Today during class we finalized our discussion on multicollinearity and started talking about model building. Some ways the know if predictors should be added or not is to run t-test, F-test, AIC of Mallow’s \({Cp}\). The one used most often in practice is the AIC or the Akaike Information Criteria. Better models will have a lower AIC score and you would need a difference of 10 or more to justify a more complex model. It is important ot mension that the numbers mean nothing on their own and must be used as a comparison.

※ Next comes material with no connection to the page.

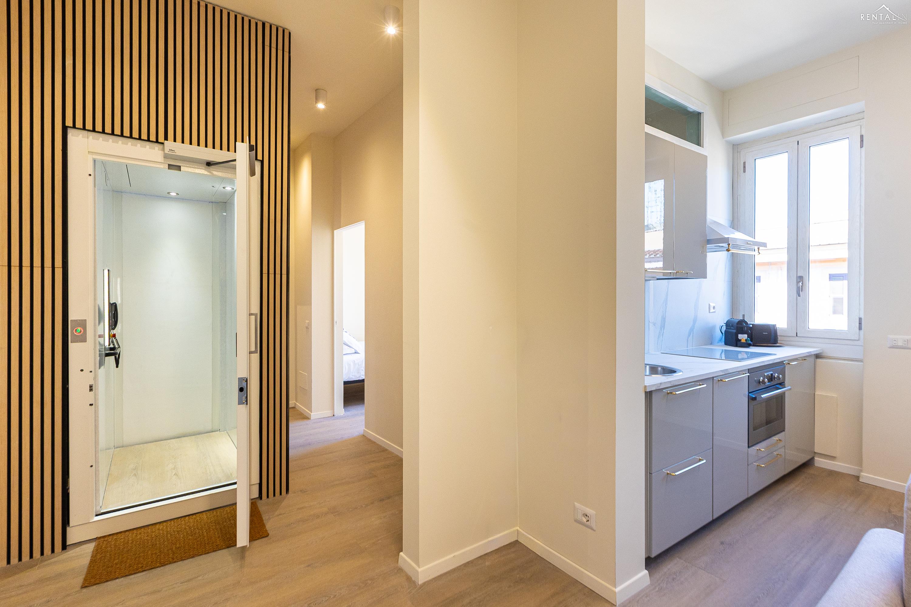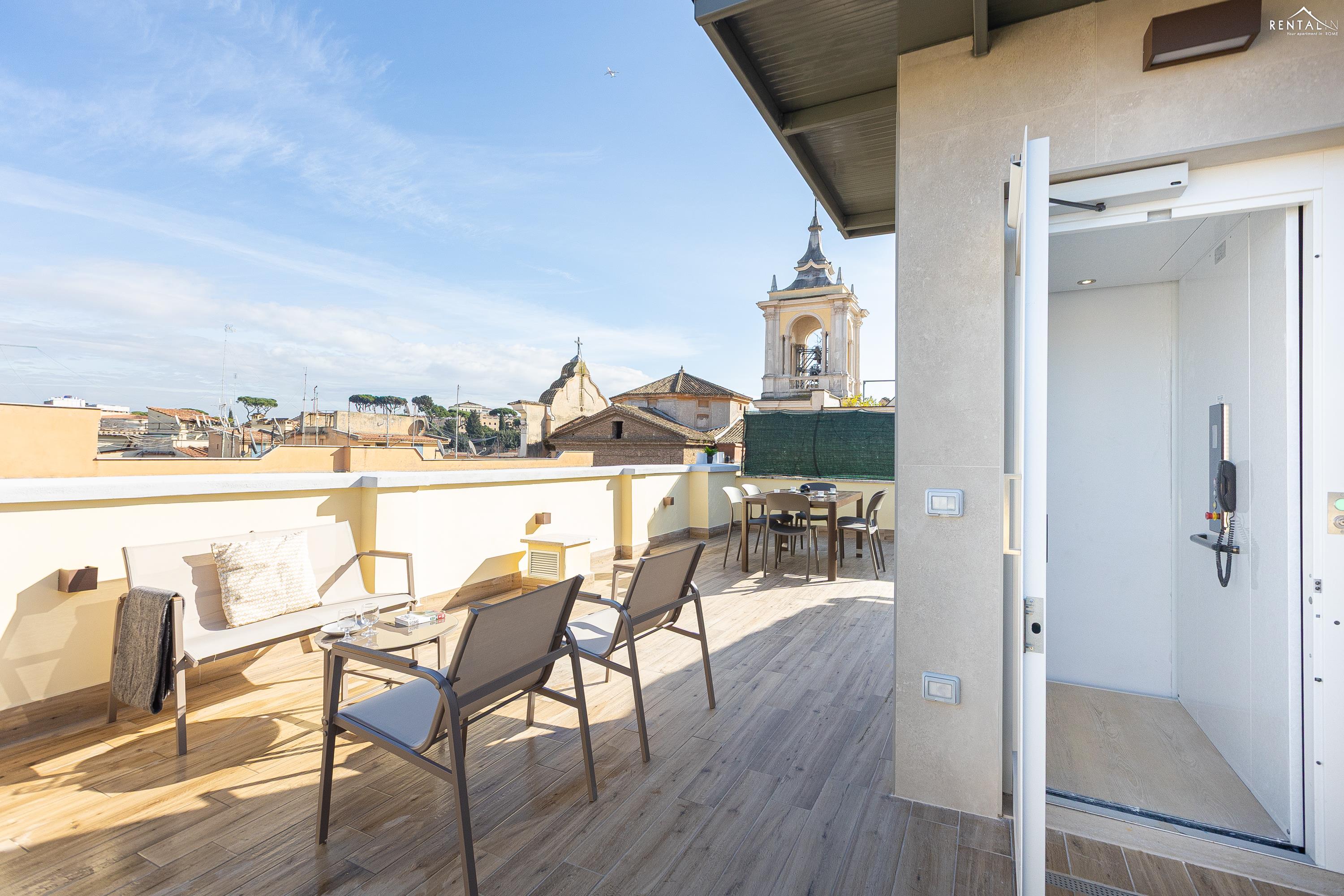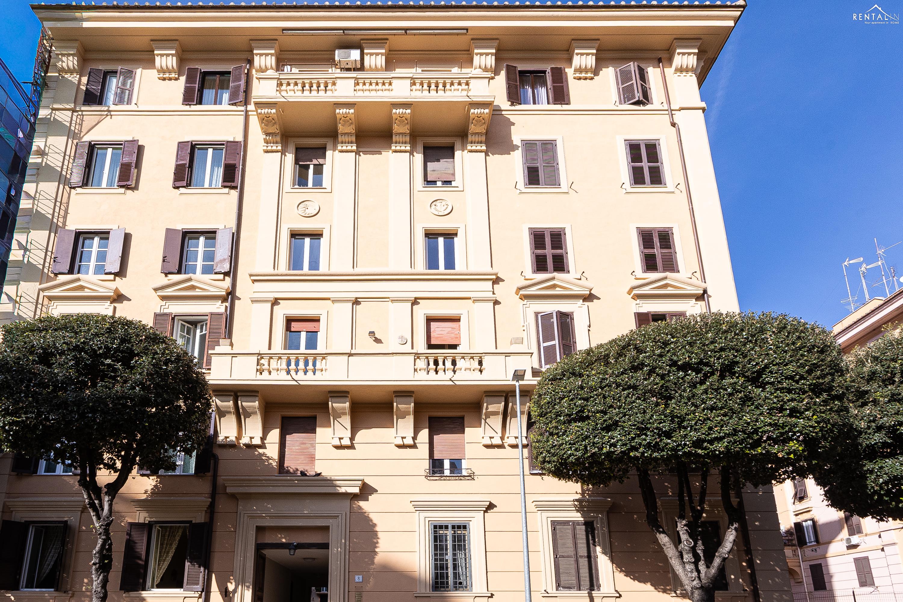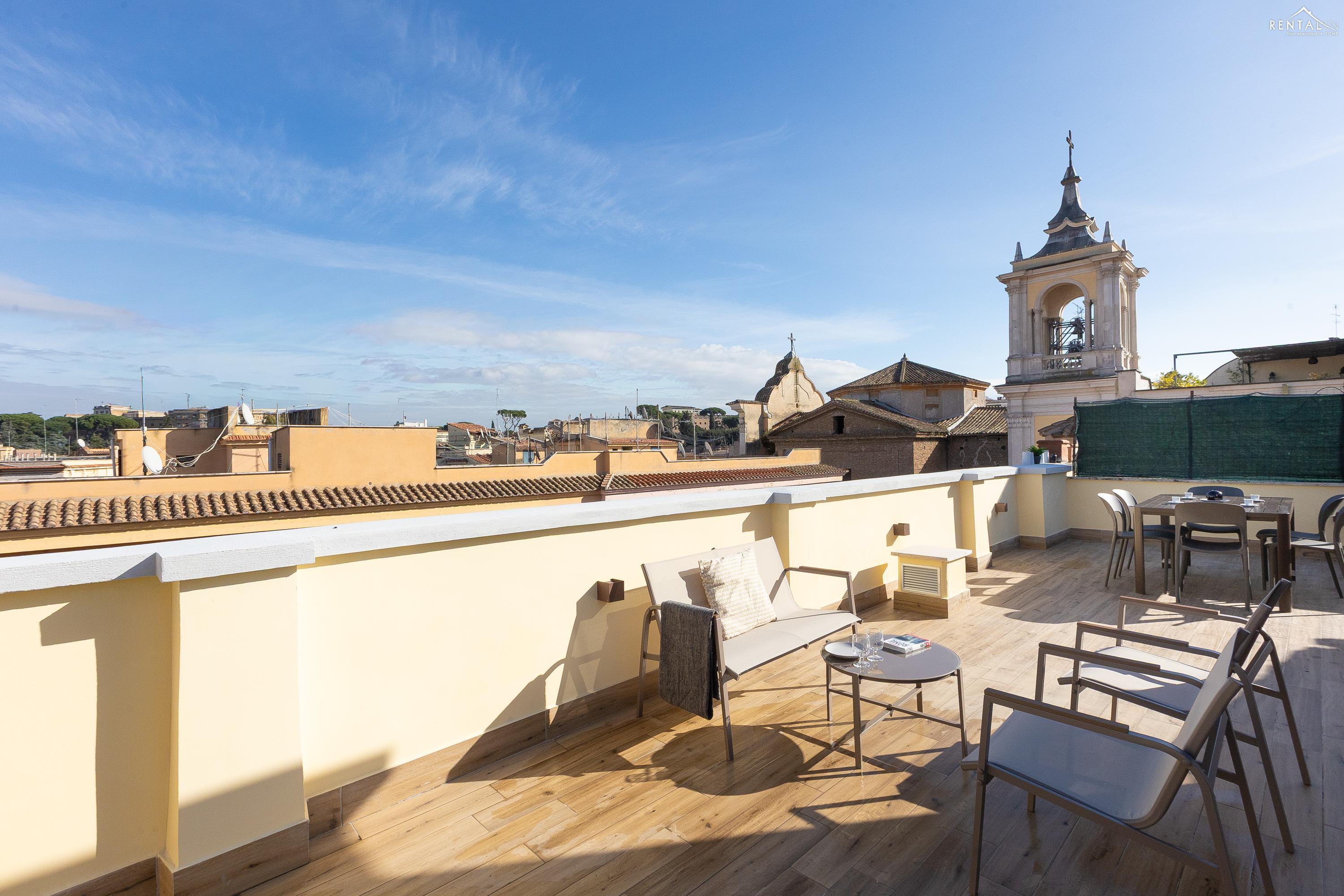 Cet élégant appartement se situe au cinquième étage d'un immeuble avec ascenseur et service de conciergerie, Via Nicolò III, à deux pas de la basilique Saint-Pierre, des musées du Vatican et de la gare de Roma San Pietro. Meublé dans un style moderne et baigné de lumière, il comprend deux chambres doubles confortables, un vaste séjour avec canapé-lit, une kitchenette entièrement équipée, une salle de bains avec douche et des toilettes invités avec douche. La terrasse, située au dernier étage et accessible par l'escalier commun ou par l'ascenseur intérieur, est idéale pour les repas en plein air et la détente au soleil, tout en offrant une vue splendide sur le dôme de Saint-Pierre. Ses équipements, tels que la climatisation, le Wi-Fi, une télévision, un lave-linge et un lave-vaisselle, ainsi que son emplacement central et sa proximité avec un réseau de transports en commun performant, en font le lieu idéal pour un merveilleux séjour dans la Ville Éternelle.

In this example I used both ANOVA and AIC to justify my model building.
There are three different types of model building:
Forward Selection: starting simple, adding more predictors using test/predictors
Backward Elimination: starting with all the predictors and drop one at a time
All Subsets: Looking at every possible iteration of the model and comparing.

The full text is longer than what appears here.